TASK: Output only the lines that run from the line holding "2日目の夕食は、ハンバーグ定" to the end of the entries, both ends included, and skip the pictures.

+++

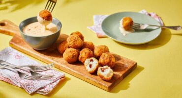 Fried mielie-meal and bean balls with cheese sauce
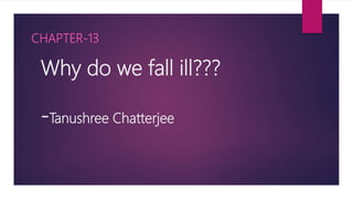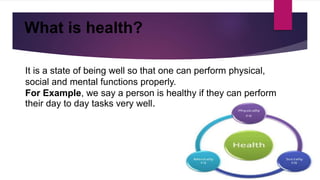 This document discusses various topics related to health, disease, and infectious agents. It defines health and explains that health depends on both personal and social factors like environment, food, economic conditions, and social environment. It defines disease and differentiates between being disease-free and healthy. It discusses the types of diseases like acute vs chronic diseases and how chronic diseases can affect health. It explains the causes of diseases like internal vs external factors and immediate vs contributory causes. It also discusses the differences between infectious vs non-infectious diseases and how diseases can spread through different means like air, food, water, lifestyle, vectors, and sexual contact. Finally, it discusses where disease-causing germs can live in the body and
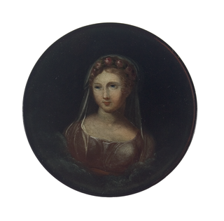 Runde Dose mit junger Frau mit Rosenkranz im Haar und Schleier. Dunkler Hintergrund. Anmerkung: Die Signatur "St.ur" bezieht sich mit großer Wahrscheinlichkeit auf die Manufaktur Evers.
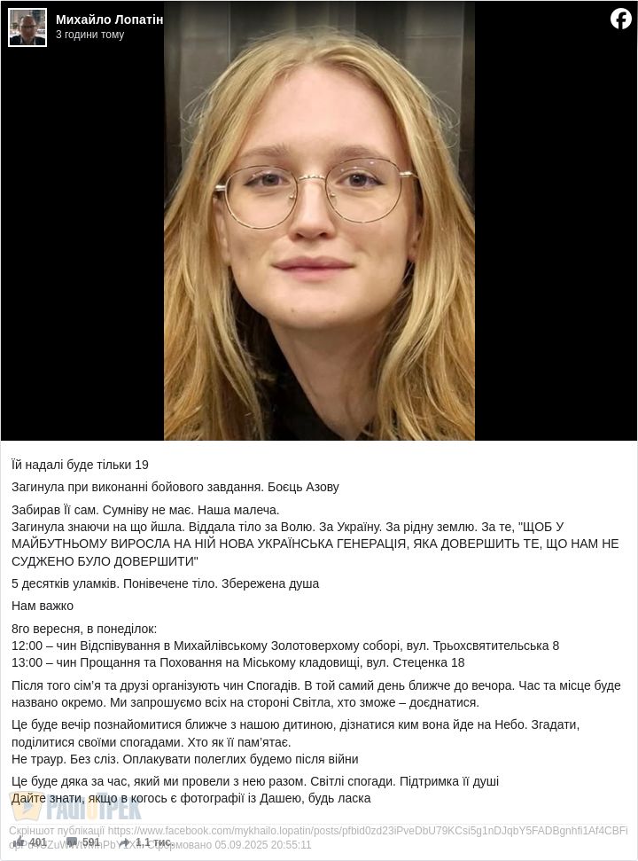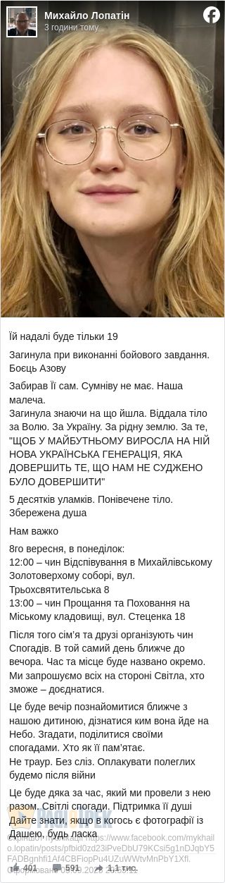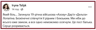 Який біль… Загинула 19-річна військова «Азову» Дарʼя «Дельта» Лопатіна. Це пост батька
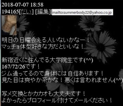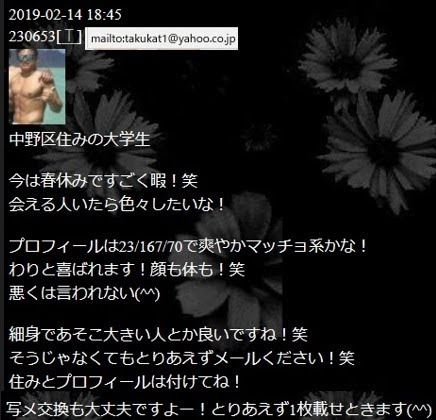 ハンドル名たく(以前は、りょう)は、一昔前から魔裟斗似の大学生とか大学院生とか言って年齢サバ読んでいるが年齢40代位、昔投稿していたサングラス顔を見ても20代には見えず禿げも始まりシワクチャ顔。
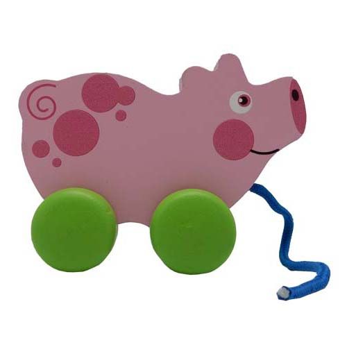ELF WOODEN PULL ALONG PIG
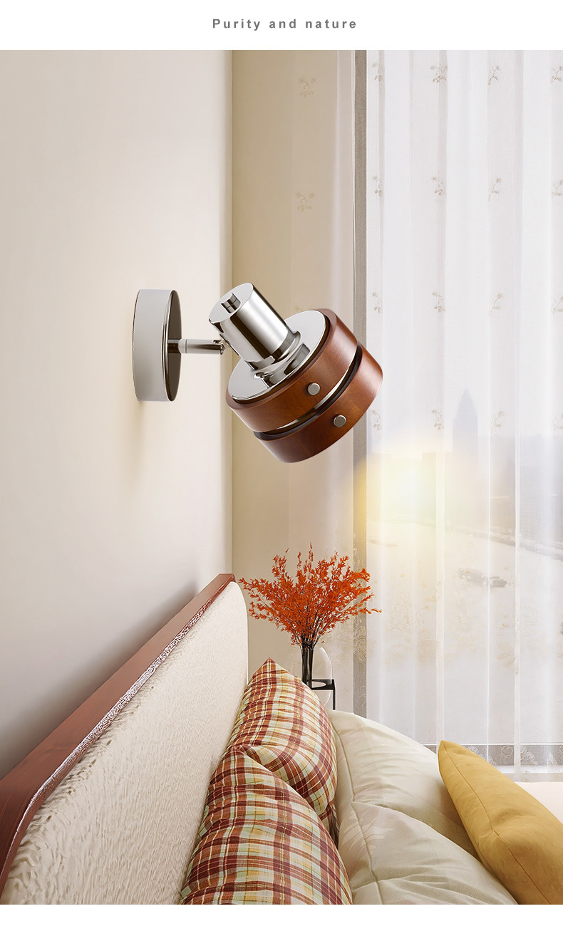 프랑스 작은 벽 램프 고대 단단한 나무 호두 색상 조용한 바람 침실 침대 옆 램프 펑크 바람 배경 벽 장식 램프스토어 가기
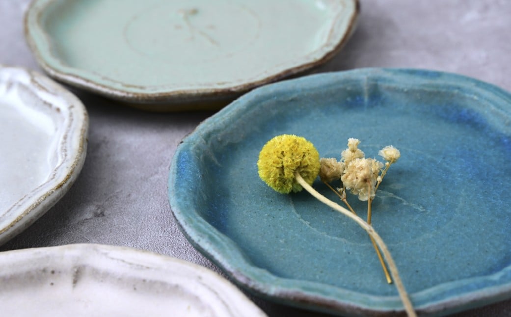 - 工房とめ バラ小皿 9.5cm 4枚セット | 食器 皿 小皿 丸皿 器 うつわ 益子焼 陶芸 陶器 栃木県 茂木町
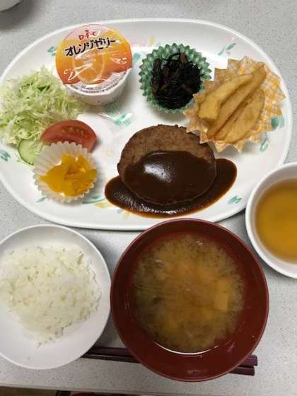2日目の夕食は、ハンバーグ定食です。みんなが大好きなハンバーグが出ました。テンションも上がることでしょう。食事係は、3回目の配膳となり、とても手際よく準備することができました。
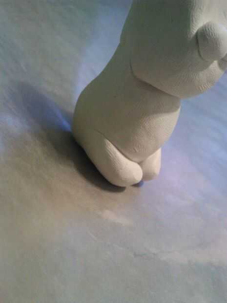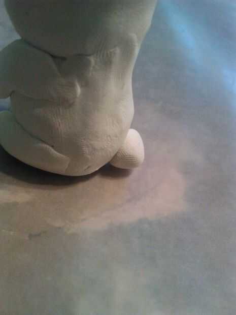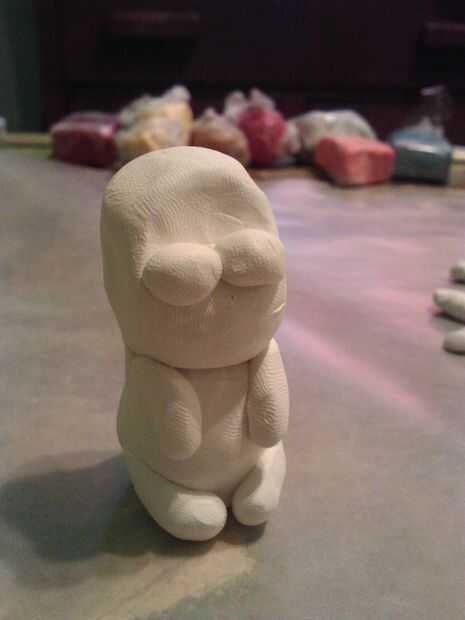 rollo cuatro pequeños cilindros para las piernas del conejo. Acople al cuerpo y se mezclan el cuerpo y las piernas.  alrededor de una pequeña bola de arcilla blanca que se utilizará para la cola de los conejos.

+++

EXERCISE SOLUTION:
2日目の夕食は、ハンバーグ定食です。みんなが大好きなハンバーグが出ました。テンションも上がることでしょう。食事係は、3回目の配膳となり、とても手際よく準備することができました。
 rollo cuatro pequeños cilindros para las piernas del conejo. Acople al cuerpo y se mezclan el cuerpo y las piernas.  alrededor de una pequeña bola de arcilla blanca que se utilizará para la cola de los conejos.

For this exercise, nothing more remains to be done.